Step 9: Dimensionality Reduction and Visualization

from sklearn.decomposition import PCA

# Reduce dimensions for visualization
pca = PCA(n_components=2)
reduced_embeddings = pca.fit_transform(question_embeddings)

# Plot clusters
plt.figure(figsize=(10, 8))
for cluster_id in range(n_clusters):
   

 cluster_points = reduced_embeddings[clusters == cluster_id]
    plt.scatter(cluster_points[:, 0], cluster_points[:, 1], label=cluster_mapping[cluster_id])

plt.legend()
plt.title("Question Clusters by Sense")
plt.xlabel("PCA Component 1")
plt.ylabel("PCA Component 2")
plt.show()

Explanation:

  • PCA (Principal Component Analysis): Reduces high-dimensional embeddings to 2D, making visualization possible.
  • Plotting: Visualizes clusters by plotting each question’s reduced embedding, color-coded by category.
  • Why Used: Helps inspect how well the questions separate into clusters, providing a visual validation.

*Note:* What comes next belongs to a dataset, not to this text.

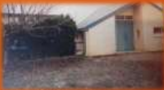
La salle des fêtes et la salle communale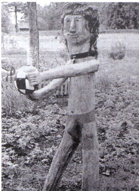
12. att. Futbolists Pele. 2005. gads.

Step 10: Save Classified Results to CSV

# Save the classified questions to a CSV file
classified_df.to_csv('classified_questions.csv', index=False)
print("Classified questions saved to 'classified_questions.csv'")

Explanation:

  • Exporting Data: Saves the final categorized results to a CSV file for easy access and further analysis.

Steps 11-14: Evaluate Clustering Quality with Internal Metrics

Each of these metrics provides insight into clustering quality:

  1. Inertia (Within-cluster sum of squares): Lower values mean tighter clusters.
  2. Silhouette Score: Measures how similar each question is to its cluster versus other clusters (higher is better).
  3. Calinski-Harabasz Index: Measures between-cluster dispersion (higher is better).
  4. Davies-Bouldin Index: Measures similarity between clusters (lower is better).

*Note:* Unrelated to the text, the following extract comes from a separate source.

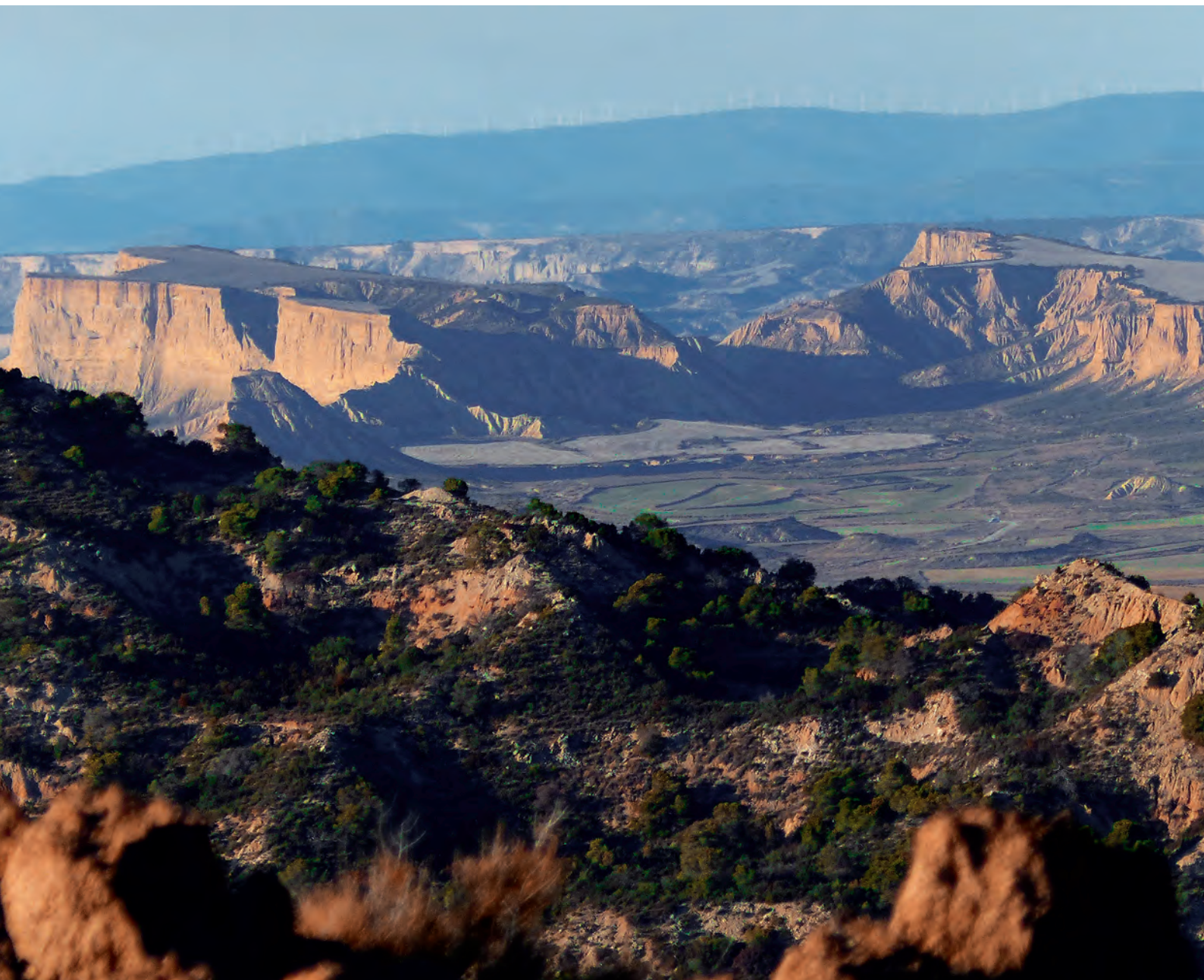
La Bardena Negra

Situados en el pueblo de Ziga (350 m), escalonado en una colina, el itinerario arranca en la parte baja del pueblo. Guiados por el citado

Step 15: t-SNE Visualization (Optional)

This provides another dimensionality reduction method that better captures non-linear relationships, offering improved cluster separation visualization over PCA.

t-SNE stands for t-distributed Stochastic Neighbor Embedding.

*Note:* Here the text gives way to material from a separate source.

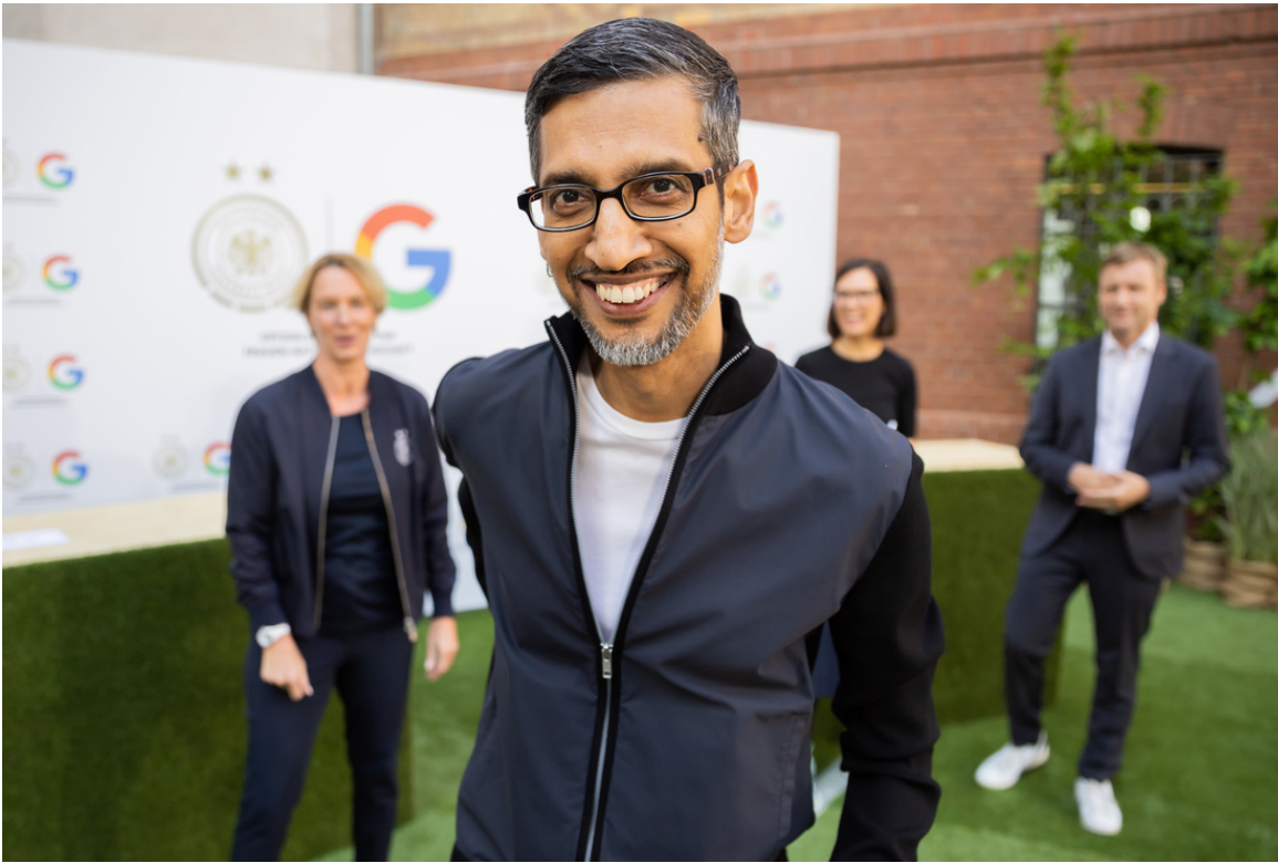
El director ejecutivo de Google, Sundar Pichai

Retado con un grupo de tareas que requerían de cualidades sobrehumanas para su solución inmediata, el algoritmo sorprendió constantemente al presentador con sus respuestas.

Explanation of t-SNE and Its Purpose

  • t-distributed: Refers to the statistical distribution applied in the algorithm, which helps it handle large datasets by making distant points less likely to attract each other.
  • Stochastic: Implies that the method is based on randomness and probabilistic calculations. This randomness helps to focus on preserving local relationships (clusters) rather than global structure.
  • Neighbor Embedding: Refers to the algorithm's goal to preserve local structure by mapping nearby points in high-dimensional space to nearby points in lower-dimensional space.

Purpose of t-SNE in This Project

  • Dimensionality Reduction: t-SNE is used to reduce high-dimensional data (such as BERT embeddings) to 2D or 3D, enabling visualization.
  • Capturing Non-linear Relationships: Unlike linear methods like PCA, t-SNE captures non-linear relationships in the data, often providing clearer separations between clusters in a visual plot.
  • Local Structure Preservation: t-SNE focuses on maintaining the relative distances between neighboring points, making it effective for visualizing clusters where local groupings are meaningful.

In this project, t-SNE helps visualize clusters of question embeddings by showing how different groups (based on semantic similarity) are separated in the reduced 2D space.